Med Ed Labs denied having committed any infraction, saying that Saunderes authorized the donation of the corpse.
In a statement posted on Friday, the lab said it “didn’t know people would pay to attend an event including one of our donors.”
The company said the person who performed the dissection was a “certified anatomist”, which it described as a former professor at the University of Montana who reportedly handled the remains with “all respect” and answered questions from members of the public “who described themselves as students, anthropologists and therapists”.

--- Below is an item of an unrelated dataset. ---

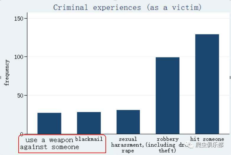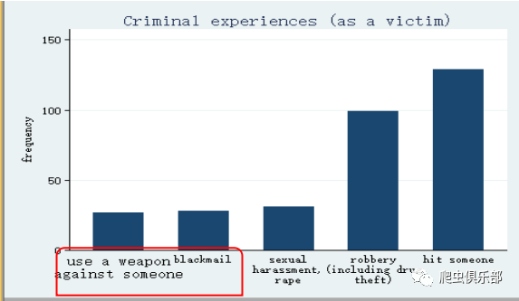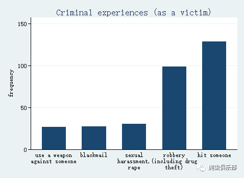 mrgraph bar crime1-crime5, include response(2 3) sort width(15) title(Criminal experiences (as a victim)) ylabel(,angle(0))

Miller said Death Science promotes educational courses and events for the public in fields such as forensic medicine and anatomy. A similar event had been planned for October 31 in Seattle but had been cancelled. Miller also said that Med Ed Labs and Death Science broke up their partnership.
On Thursday afternoon, Miller said his own involvement in Death Science was over.

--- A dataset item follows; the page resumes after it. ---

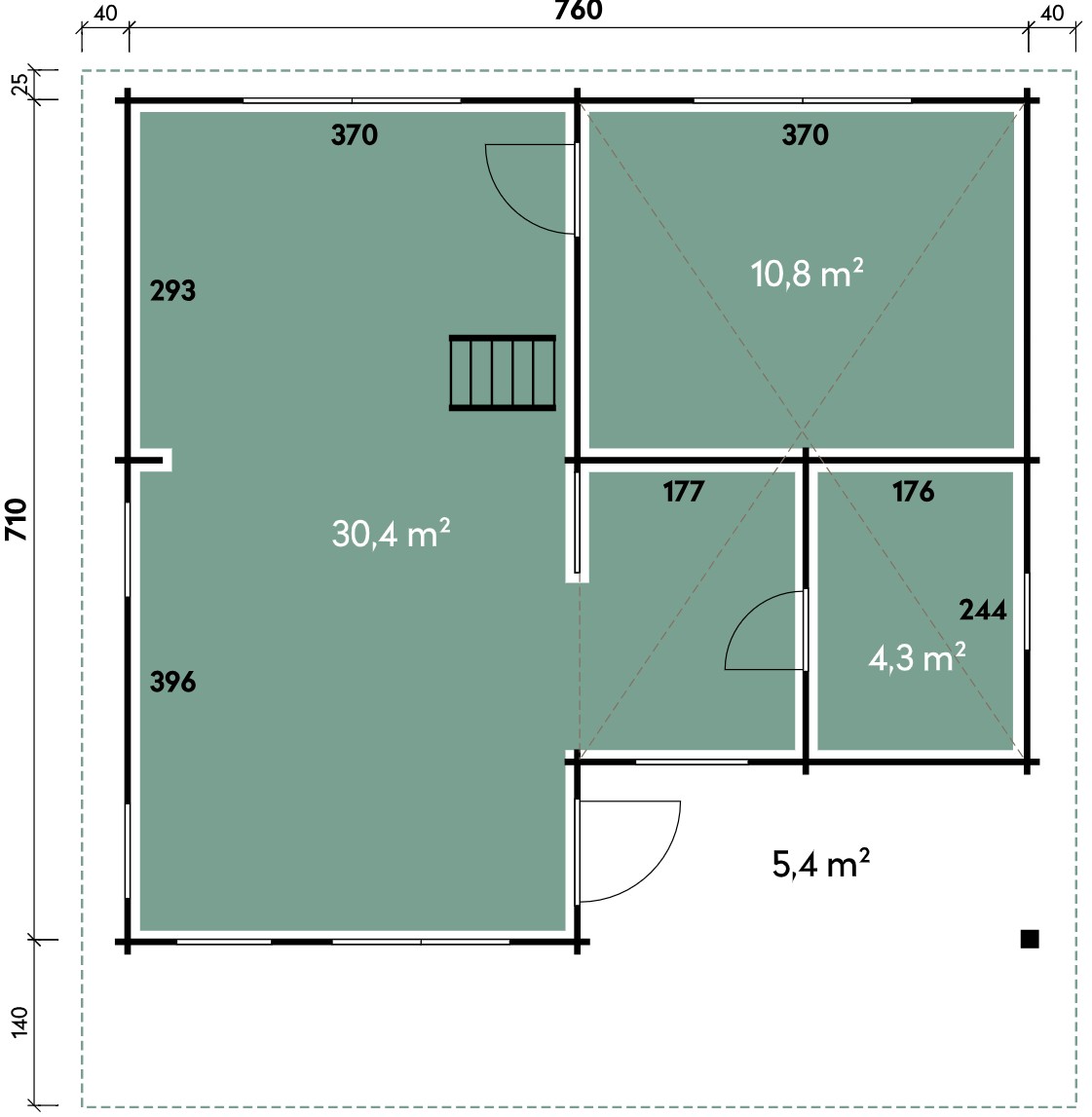 - Grundfläche: 54 m², Rauminhalt 170 m³

He said Oddities & Curiosities Expo sold tickets at prices ranging from $100 to $500.
In an email, Oddities & Curiosities Expo did not say if it sold tickets. He claimed that Death Science organized the event, which would not have taken place in one of its own exhibitions. In a separate space, he told Oddities & Curiosities Expo, Death Science was one of the exhibitors “that sold their art.”
Miller said Death Science had no access to any personal documents, including the cadaver donation agreement.
According to him, Med Ed Labs provided the corpse, the instruments and the anatomist who taught the class. She would have booked the space at the Portland hotel and would have known that the audience would not be made up exclusively of medical students.
Obteen Nassiri, manager of Med Ed Labs, said in an interview last week that the organization thought the cadaver would be used for teaching medical students and professionals. He said Death Science contacted the lab saying it needed a cadaver “to teach anatomy to students.”
“We did some preliminary research and saw that their goal was to teach students the science of death,” he said. “I thought the cadaver would be used for teaching purposes and anatomical dissection.”
Med Ed Labs acquired the corpse from the funeral home in Baton Rouge and shipped it first to Las Vegas and then to Portland.
Nassiri said he spoke with Saunders on Wednesday.
“He was extremely upset because this company acted in our absence and sold tickets for this event to people who were not professionals or medical students,” he said.
Death Science paid about $10,000 for the entire event, Nassiri said, including use of the corpse, transporting it and personnel. The corpse has since been shipped back to Las Vegas, en route to Louisiana. Nassiri said Med Ed Labs will pay for his cremation and an urn.
The news released in Seattle quickly reached national and international media outlets, sparking outrage and recalling past controversies about the handling of human remains in public situations and spaces.
Protesters gathered at the University of Pennsylvania last year to protest anthropologists’ treatment of the bone of a young bombing victim. The bones were shown in a video of an online course: “Real Bones: Adventures in Forensic Anthropology”. In 2015, the University of Edinburgh reportedly divided opinions when it held workshops in which it showed “corpse materials” to the public, according to Carla Valentine, curator of the University of London’s Museum of Pathology.
A decade earlier, when the “Bodies” exhibition opened in New York, the company behind it was criticized for using corpses from China. She admitted that she could not prove that the bodies were not of prisoners who had possibly been tortured or executed.
Rina Knoeff, a professor at the University of Groningen in the Netherlands and a scholar of the history of medicine, said that public dissection as entertainment dates back at least to the Renaissance.
“I think maybe it was due to the same kind of interest that attracted people to watch public executions,” she commented. “Maybe it’s the thrill of sitting and watching someone being cut to pieces.”